VM = 4x - 1, MW = 3x + 3

4x - 1 = 3x + 3

 4x – 3x = 3 + 1

x = 4

x = 4 substitute in VM = 4x - 1

VM = 4(4) - 1

VM = 15

So, the length of VM is 15. 

Problem 8 :

The straight line l has a gradient of 5/12, and passes through the points A(10, 1) and B(k, 11), where k is a constant.

a)  Find an equation of l, in the form ax + by = c, where a, b and c are integers.

b) Determine the value of k.

c) Hence show that the distance AB is 26 units.

Solution :

Slope = 5/12

a)  Equation of the line which has the slope 5/12 and passes through the point A(10, 1).

(y - y₁) = m(x -x₁)

(y - 1) = 5/12(x - 1)

12(y - 1) = 5(x - 1)

12y - 12 = 5x - 5

5x - 12y - 5 + 12 = 0

5x - 12y + 7 = 0

b)

Slope of the line joining the points = (y₂ - y₁) / (x₂  - x₁)

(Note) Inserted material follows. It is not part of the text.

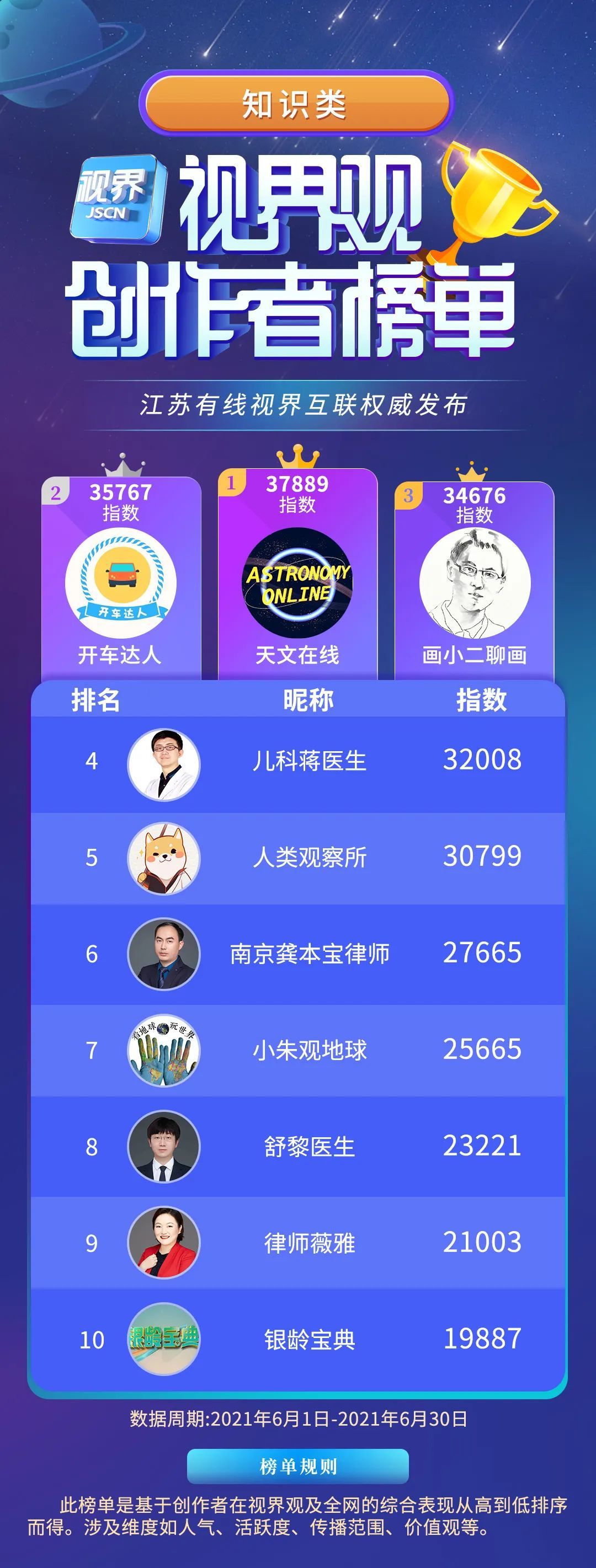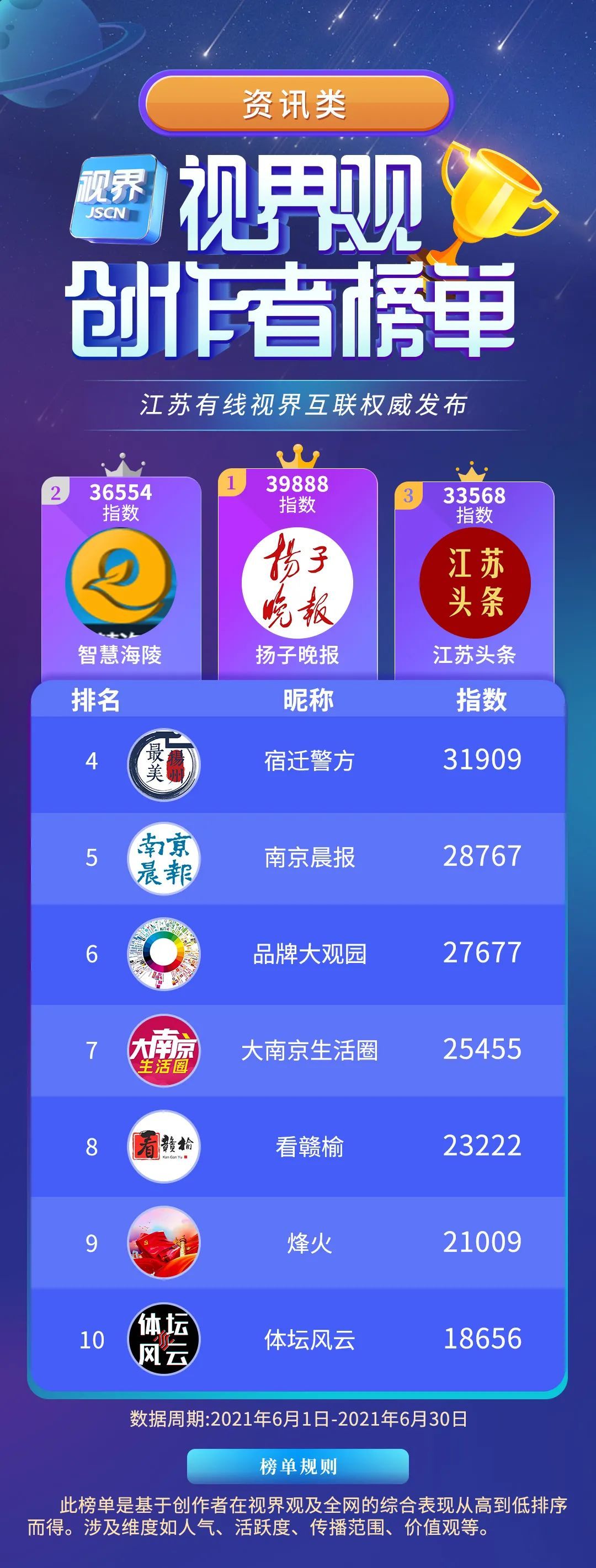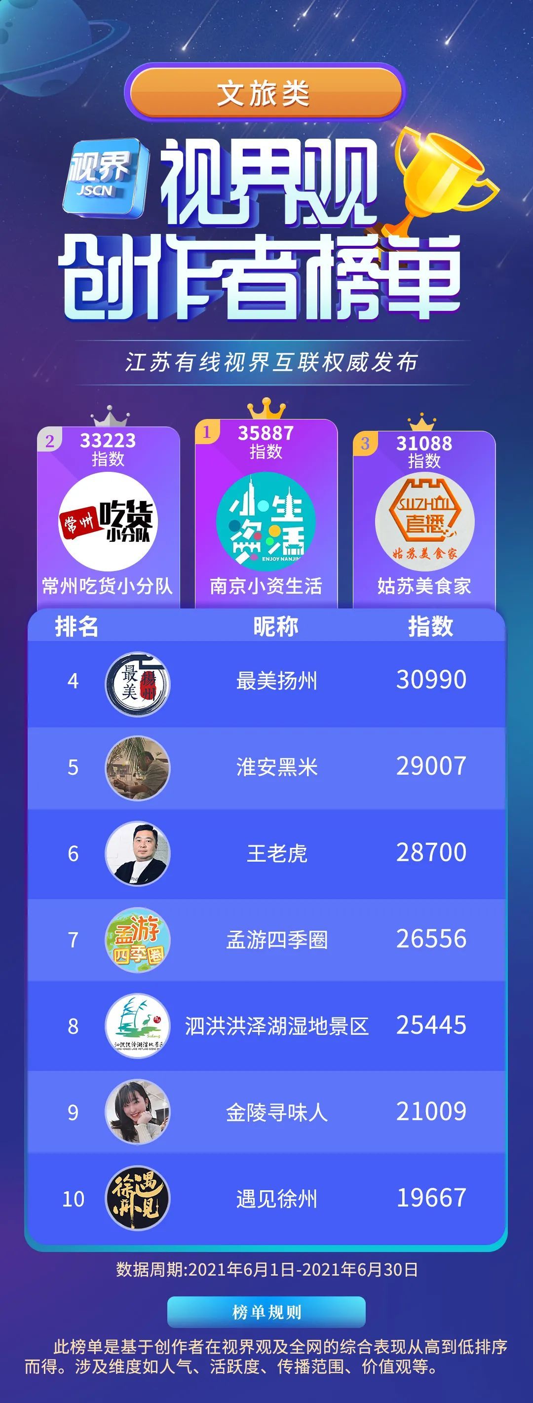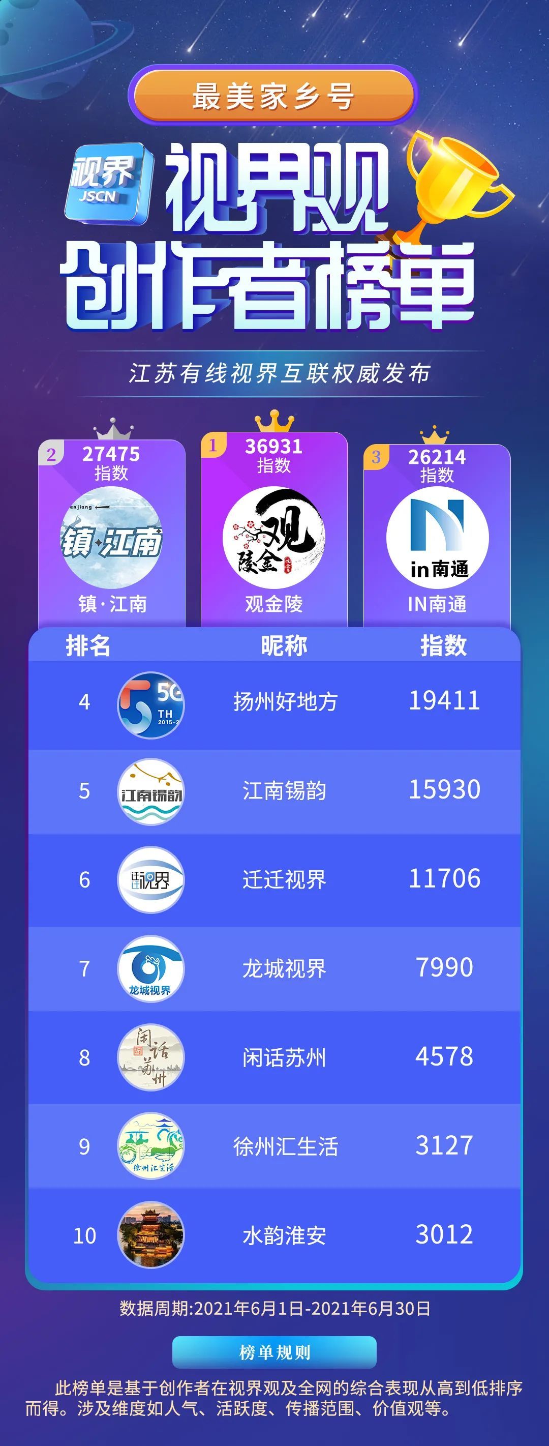 根据计划,平台从泛资讯、泛知识、泛文旅、泛生活、泛影视五大垂直赛道中各选出10位创作者,与以往不同的是,本次榜单新增了“最美家乡号”赛道,旨在鼓励江苏13地市家乡号创作出更多立足于本土文化的优秀内容。依托用户大数据和“繁星计划”签约创作者的运营数据,视界观APP建立了全面的视频数据样本库,并进行持续统计。所有数据的获取均取自客户端展示页面,秉持“公正公平公开”的原则,榜单的最终出炉考虑到了人气、活跃度、传播范围、内容贡献度、价值观等多重维度。

5/12 = (11 - 1) / (k - 10)

5/12 = 10/(k - 10)

5(k - 10) = 10(12)

5k - 50 = 120

5k = 120 + 50

5k = 170

k = 170/5

k = 34

c)   A(10, 1) and B(34, 11)

Distance between the points = √(x₂ - x₁)² + (y₂ - y₁)²

= √(11-1)² + (34-10)²

= √10² + 24²

= √100 + 576

= √676

= 26 units

The straight line l₁ passes through the points A(1, -1) and B(7, 8)

a) Find the equation of l₁

b) Show that the length of AB is k√13, where k is the integer.

Solution :

A(1, -1) and B(7, 8)

a) Slope of the line passes through the points = (8 - (-1)) / (7 - 1)

= (8 + 1)/6

= 9/6

= 3/2

Equation of hte line :

(y - (-1)) = 3/2(x - 1)

2(y + 1) = 3(x - 1)

2y + 2 = 3x - 3

3x - 2y - 3 - 2 = 0

3x - 2y - 5 = 0

b)  A(1, -1) and B(7, 8)

Distance between the points = √(x₂ - x₁)² + (y₂ - y₁)²

= √(8 + 1)² + (7 - 1)²

= √9² + 6²

= √(81 + 36)

= √117

= √(3 x 3 x 13)

= 3√13

Comapring with k√13, the value of k is 3.